Toon beheerder-moderator
Geregistreerd op: 23 Jan 2011 Berichten: 502
|
Geplaatst: 19-06-2014 19:38:22 Onderwerp: |
|
|
1.
De wet formuleert dit als volgt:
"Art. 1526bis. De schuldenaar tegen wie een uitvoerend beslag op roerend goed geschiedt, kan de in beslag genomen goederen in der minne verkopen ten einde de opbrengst ervan aan te wenden voor de betaling van de schuldeisers.
(Op straffe van verval) moet de schuldenaar binnen tien dagen na de betekening van de beslaglegging de gerechtsdeurwaarder in kennis stellen van de hem gedane voorstellen.
(Wanneer de gerechtsdeurwaarder meent dat deze voorstellen ontoereikend zijn of wanneer de schuldeiser bewijst dat deze ontoereikend zijn, wordt met het verzoek tot verkoop in der minne geen rekening gehouden.)
Behalve indien de weigering om met de verkoop in te stemmen is ingegeven door de bedoeling om de schuldenaar te benadelen, kan de schuldeiser niet aansprakelijk worden gesteld.
De overdracht van de eigendom van het goed is afhankelijk van de betaling van de prijs ervan in handen van de gerechtsdeurwaarder binnen acht dagen na de aanvaarding van het aankoopbod.
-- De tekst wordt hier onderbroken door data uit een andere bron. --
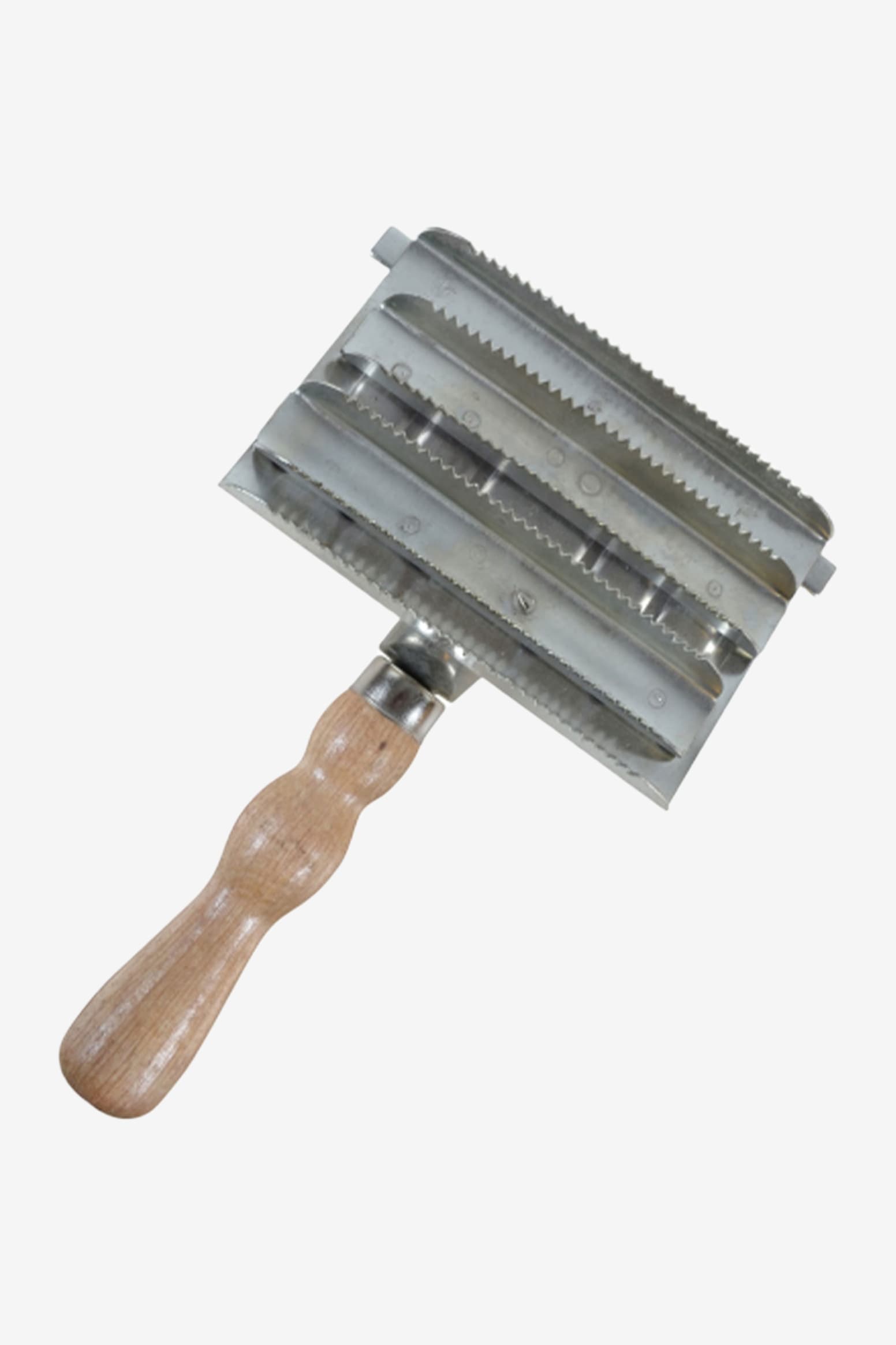 Traditionell ryktskrapa i metall med greppvänligt skaft av bokträ. Håller borstar rena från damm och smuts. Används traditionellt tillsammans med ryktborsten för att dra av överflödigt damm och stöv som fastnar på borsten. Efter varje borsttag drar man ryktborsten på ryktskrapan. En extra rad, med större tänder, för manvård. Går även bra att använda ryktskrapan som den är på riktigt tjocka och täta pälsar, speciellt under fällningsperioder eller vid lerig päls.

Bij niet-naleving van die termijn kunnen de goederen onverwijld openbaar te koop worden gesteld.
Na betaling van de prijs in handen van de gerechtsdeurwaarder, maakt deze een proces-verbaal op van verkoop in der minne met vermelding van de identiteit van de koper en verkoper, de betaalde prijs en de omschrijving van de verkochte goederen. Hij stelt hiervan een afschrift ter beschikking van de koper.
(Het proces-verbaal wordt aan het bestand van berichten gezonden in de vorm van een bericht als bedoeld in artikel 1390, § 1.)"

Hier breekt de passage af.